= THE TASK =
Nothing but the lines from the one with "Materiál obsahuje 14" through the last line of the entries below should appear in the copy, please, and no pictures.

*** Opening of RECORD EXTRACTS ***

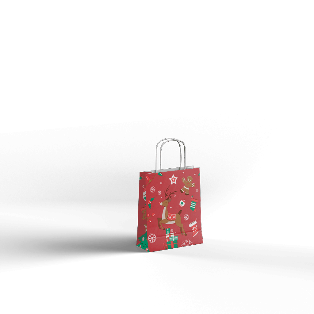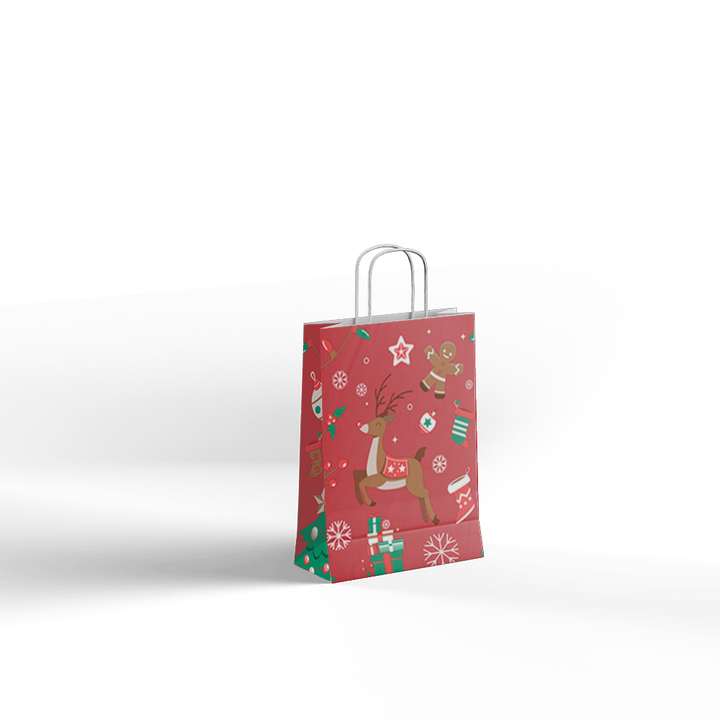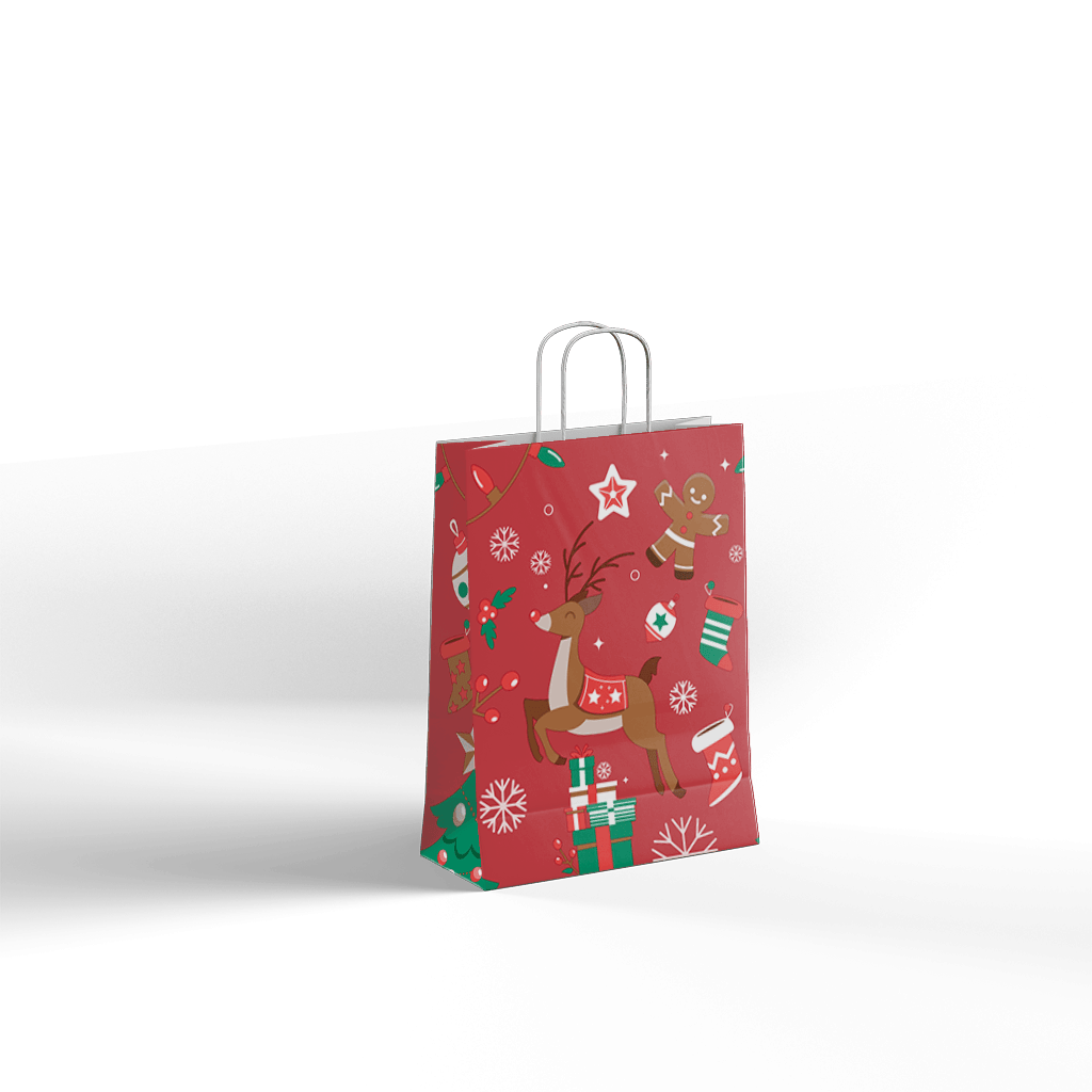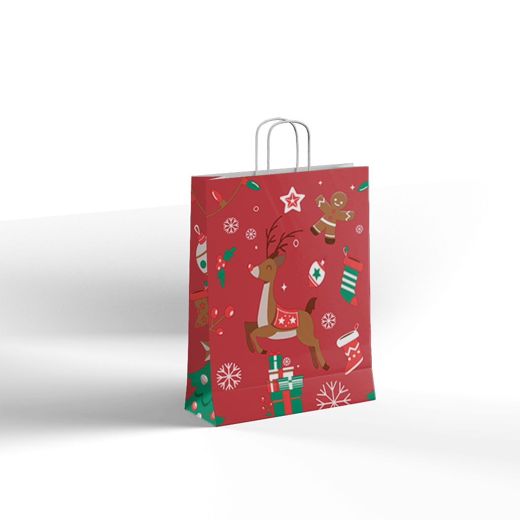 Papirnata darilna vrečka CHRISTMAS DEER z igrivo božično poslikavo jelenčka, daril in prazničnih motivov je odlična izbira za zavijanje božičnih daril, sezonskih paketov in promocijskih vsebin. Rdeča barvna podlaga v kombinaciji z ilustracijami ustvari topel, prazničen videz, ki pritegne pozornost in lepo dopolni obdarovanje.
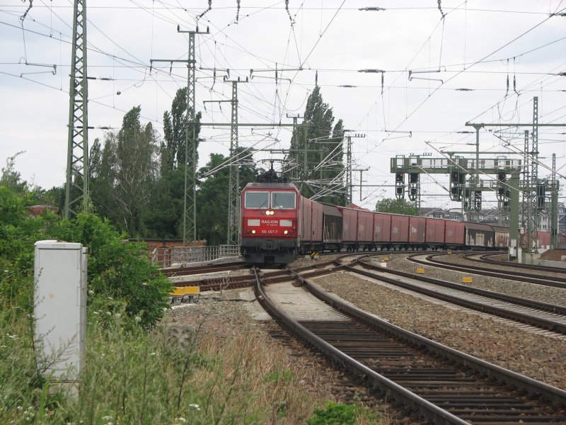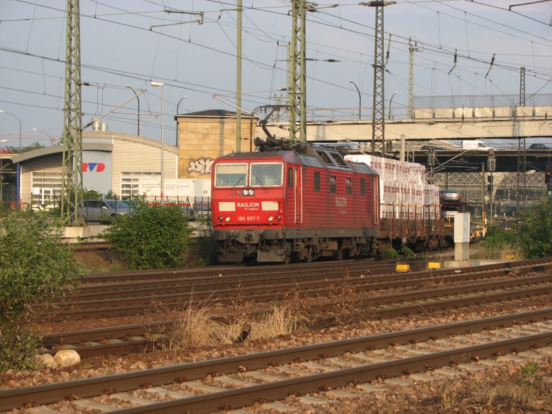 180 007-7 kommt vom Güterbahnhof Dresden-Friedrichstadt und fährt Richtung Tschechien.Ein Gruß noch mal an den freundlichen Lokführer.07.07.07.
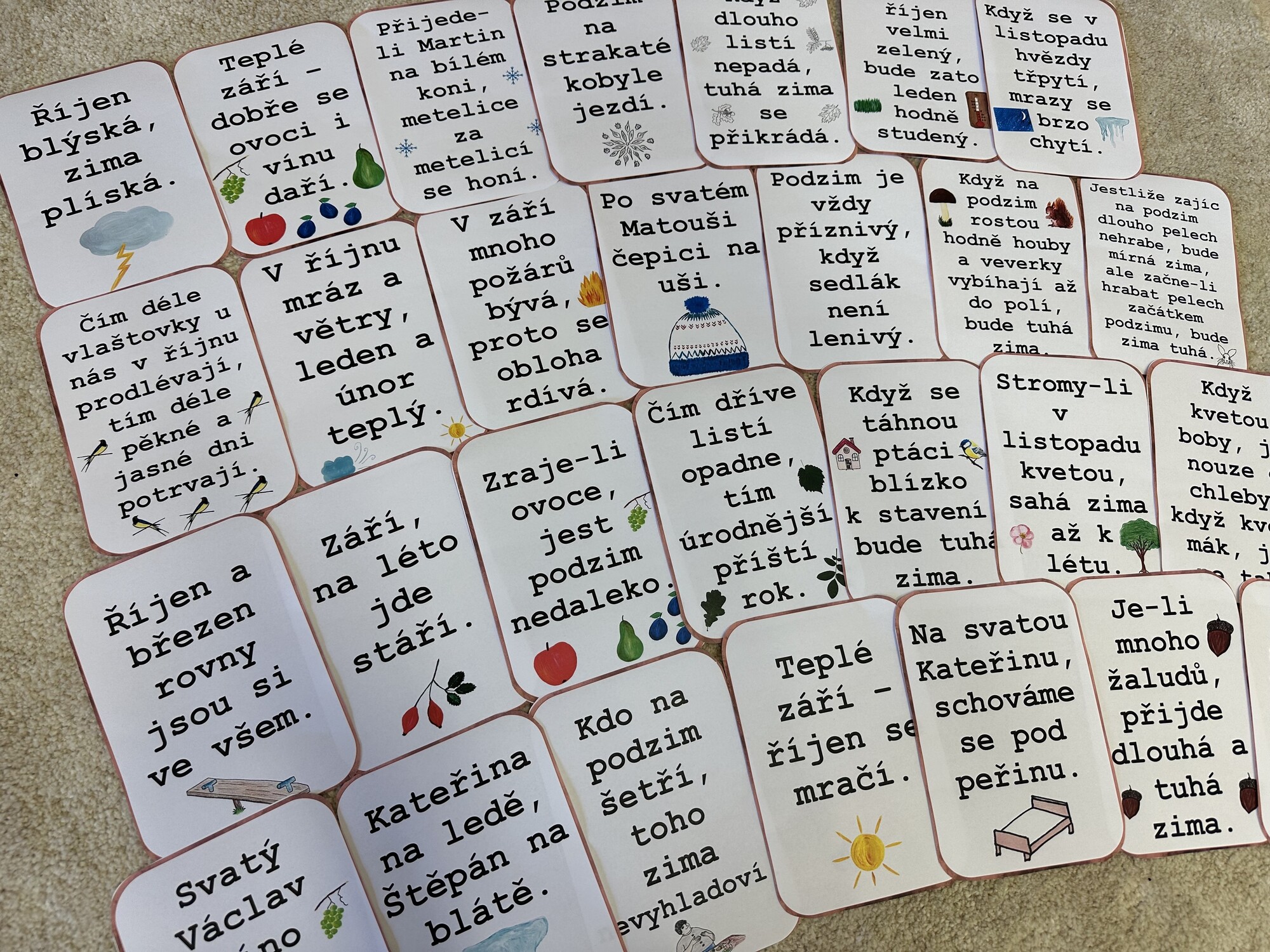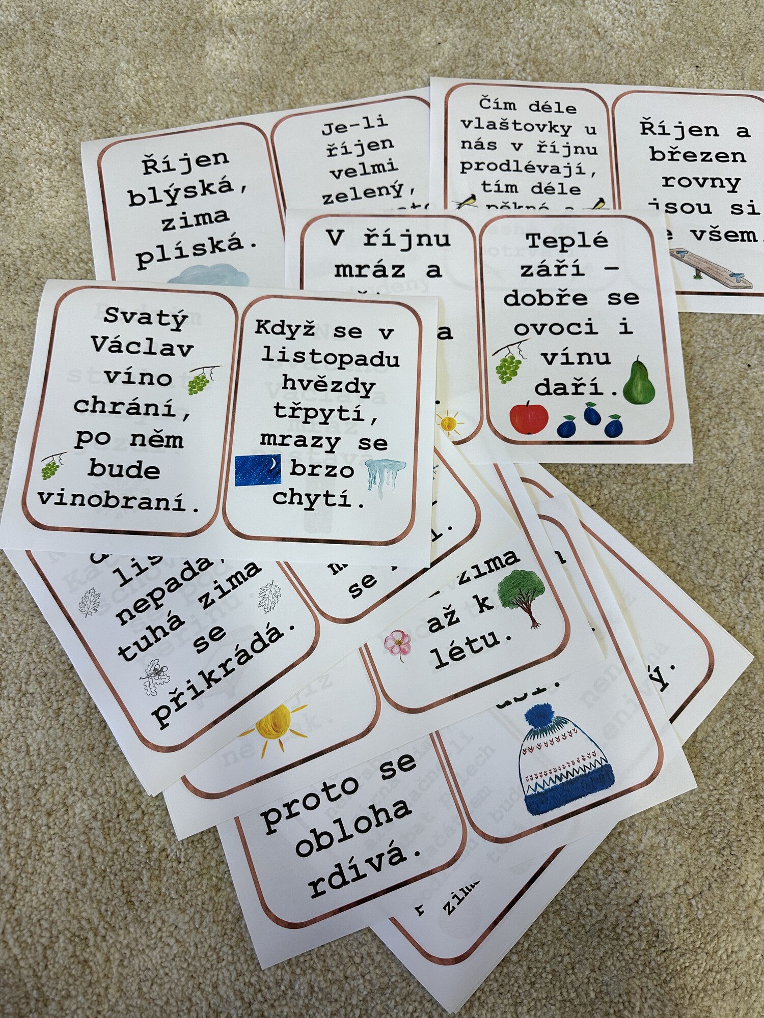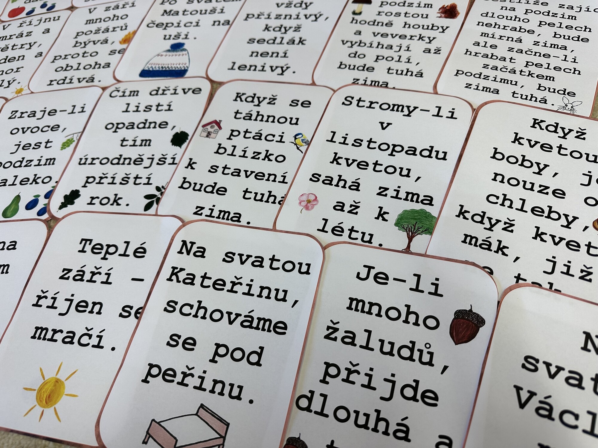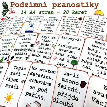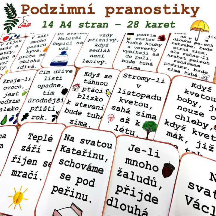 Materiál obsahuje 14 A4 stran – 28 A5 karet s podzimními pranostikami k výuce nebo k výzdobě třídy. Ručně malované a kreslené obrázky.
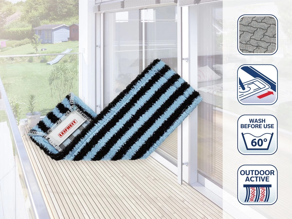 De specialist voor buiten: De strepen van de weerbestendige kunststof borstels verwijderen zelfs het hardnekkigste vuil. Of het nu om terrassen, balkons, buitentrappen of de garage gaat. De daartussen liggende microvezelstrepen nemen het verwijderde vuil op. Special clips maken de eenvoudige bevestiging aan de Leifheit-doekpers Profi mogelijk. Breedte 42 cm. Uitwasbaar op 60°C.
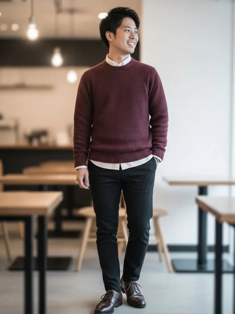 Here the maroon sweater is styled simply with dark denim and classic shoes.
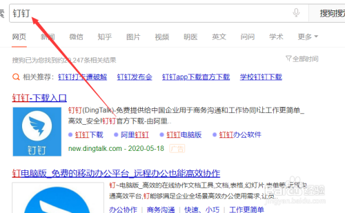 我们先打开电脑,打开浏览器,搜索输入“钉钉”
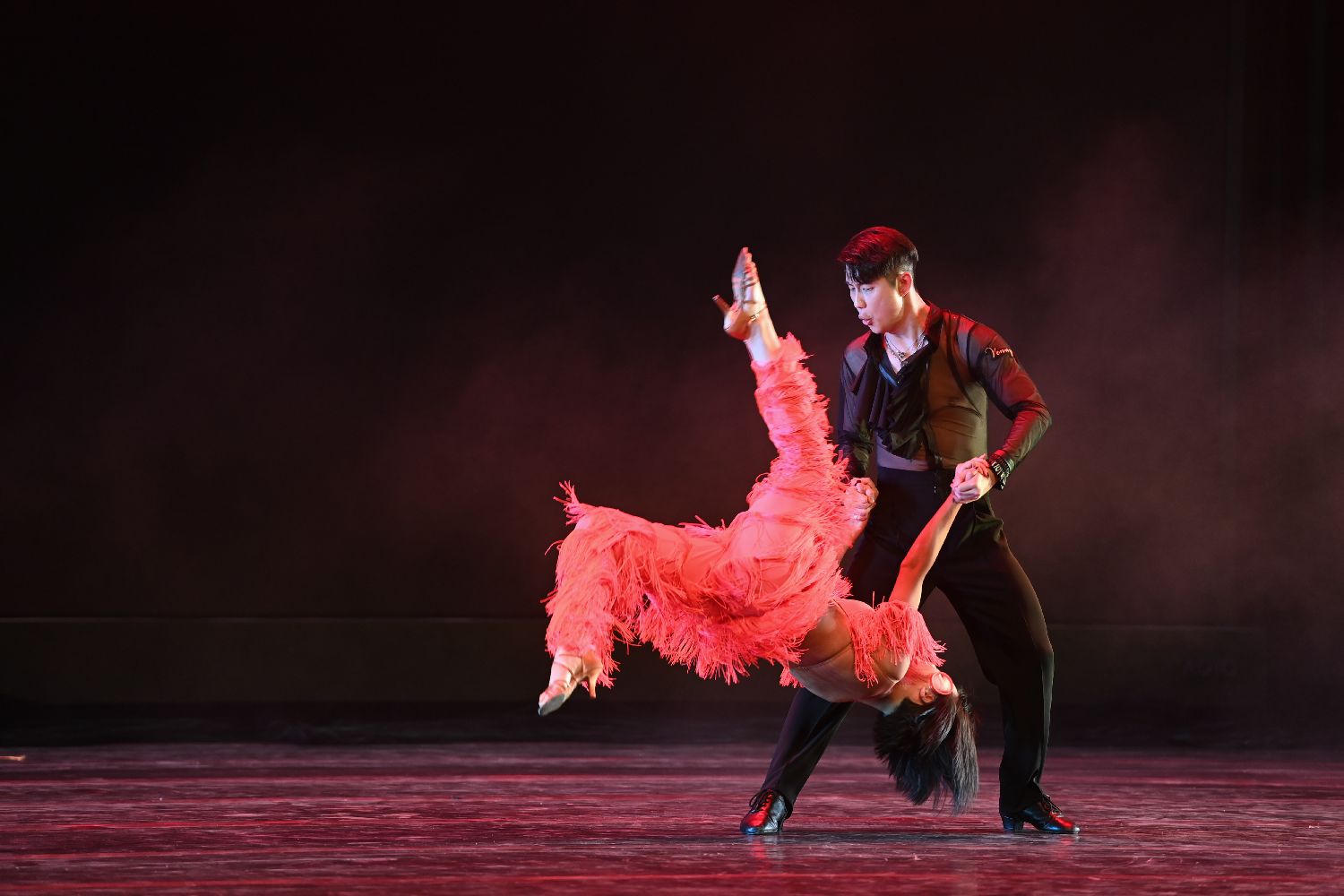 12月4日晚,广东广州,舞者夏天、曾聪表演国标舞《桑巴》。(图片来源:中新社)

*** Close of RECORD EXTRACTS ***

= EXERCISE OUTPUT =
 Materiál obsahuje 14 A4 stran – 28 A5 karet s podzimními pranostikami k výuce nebo k výzdobě třídy. Ručně malované a kreslené obrázky.
 De specialist voor buiten: De strepen van de weerbestendige kunststof borstels verwijderen zelfs het hardnekkigste vuil. Of het nu om terrassen, balkons, buitentrappen of de garage gaat. De daartussen liggende microvezelstrepen nemen het verwijderde vuil op. Special clips maken de eenvoudige bevestiging aan de Leifheit-doekpers Profi mogelijk. Breedte 42 cm. Uitwasbaar op 60°C.
 Here the maroon sweater is styled simply with dark denim and classic shoes.
 我们先打开电脑,打开浏览器,搜索输入“钉钉”
 12月4日晚,广东广州,舞者夏天、曾聪表演国标舞《桑巴》。(图片来源:中新社)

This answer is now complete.